Wednesday Night 1984 – an ominous number, given our preoccupation with fake news, Trumpian dystopia and the COVID-19 pandemic. Should you need to be reminded, check out Doublethink Is Stronger Than Orwell ImaginedWhat 1984 means today.

Despite the huge gap between the treatment of the pandemic by the two governments, over the last few days, senior politicians of the U.S. and Canada were both involved in hammering out unprecedented financial aid packages for their respective countries, and in both cases the principal sticking point was oversight. Early Wednesday morning, a deal was reached in Washington, (see POLITICO Playbook: We have a deal)

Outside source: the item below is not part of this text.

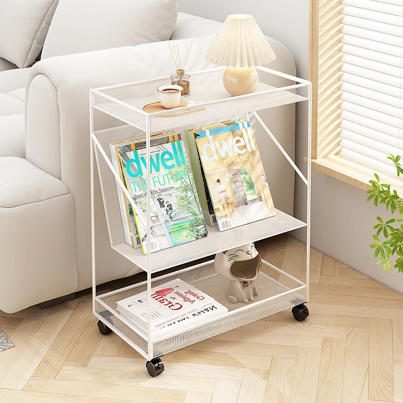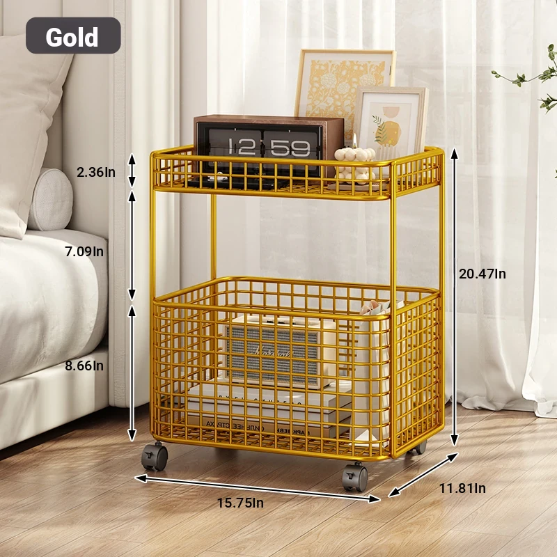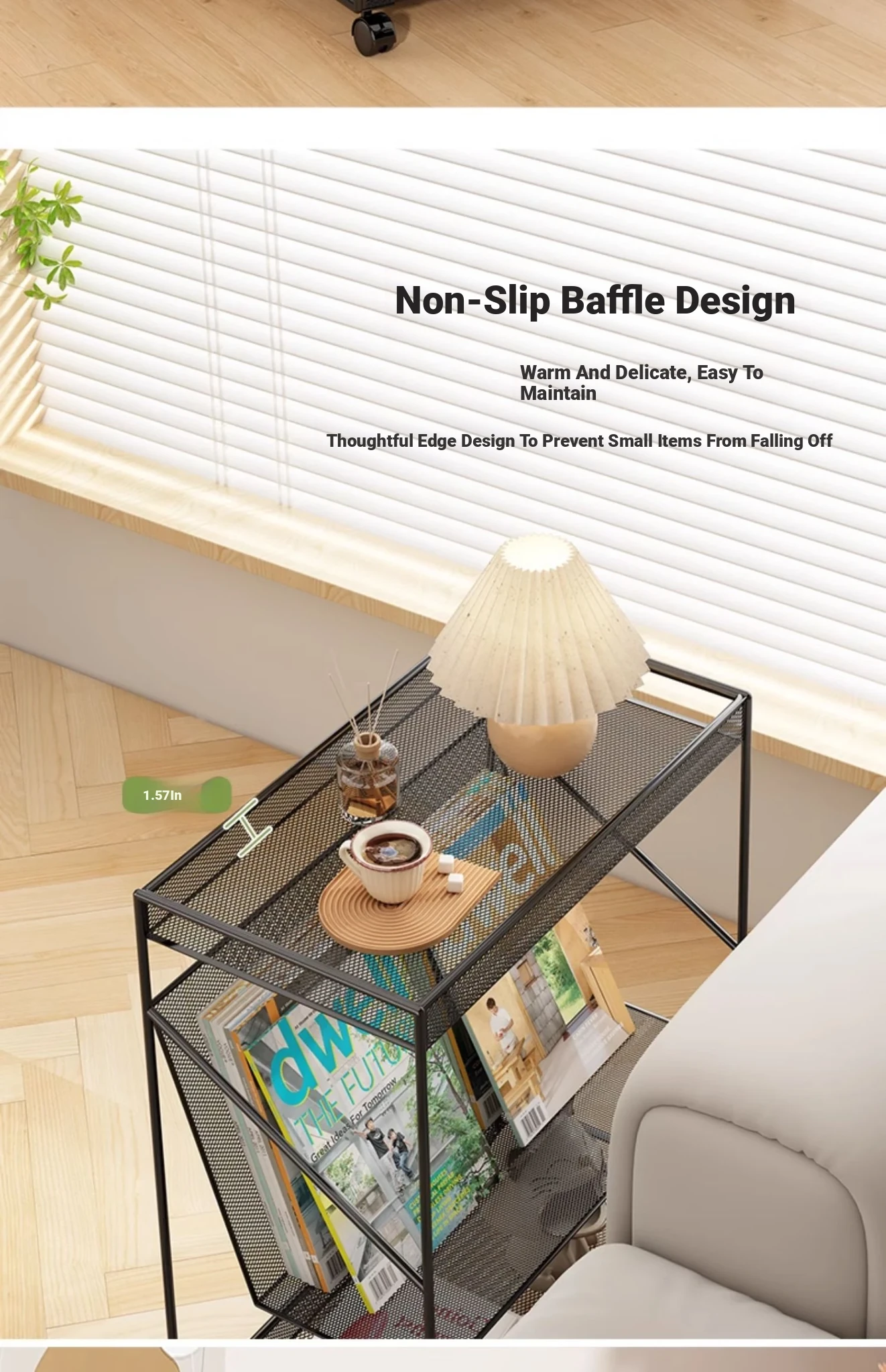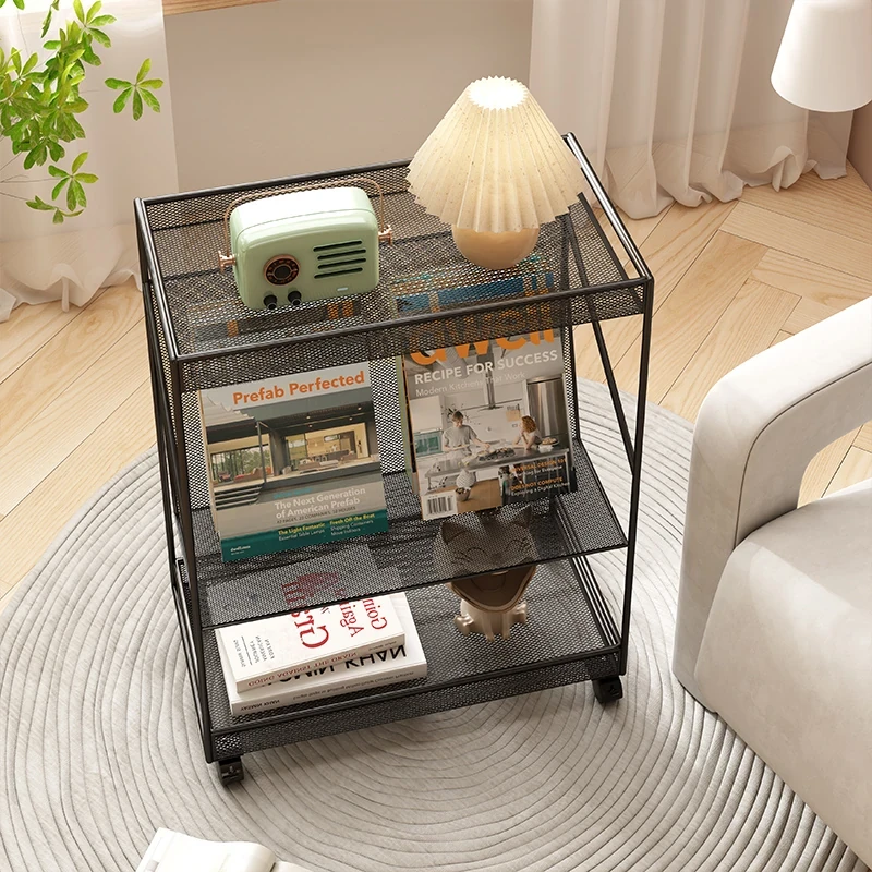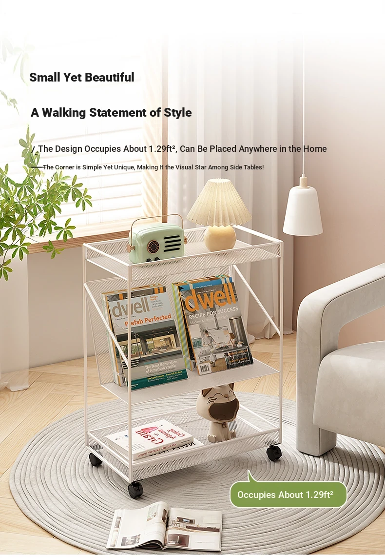 Stylish and Versatile Small Side Table - Movable Storage Rack for Living Room, Bedroom Nightstand, and Corner - Elegant Iron Frame Design for Convenient Organization and Aesthetic Appeal

White House and Congress Reach $2 Trillion Stimulus Deal
The legislation, which is expected to be enacted within days, is the biggest economic stimulus package in modern American history, aimed at delivering critical financial support to businesses forced to shut their doors and relief to American families and hospitals reeling from the rapid spread of the disease and the resulting economic disruption.
Struck shortly before 1 a.m. Wednesday, it was the product of a marathon set of negotiations … that nearly fell apart as Democrats insisted upon stronger worker protections and oversight over a new $500 billion fund to bail out distressed businesses.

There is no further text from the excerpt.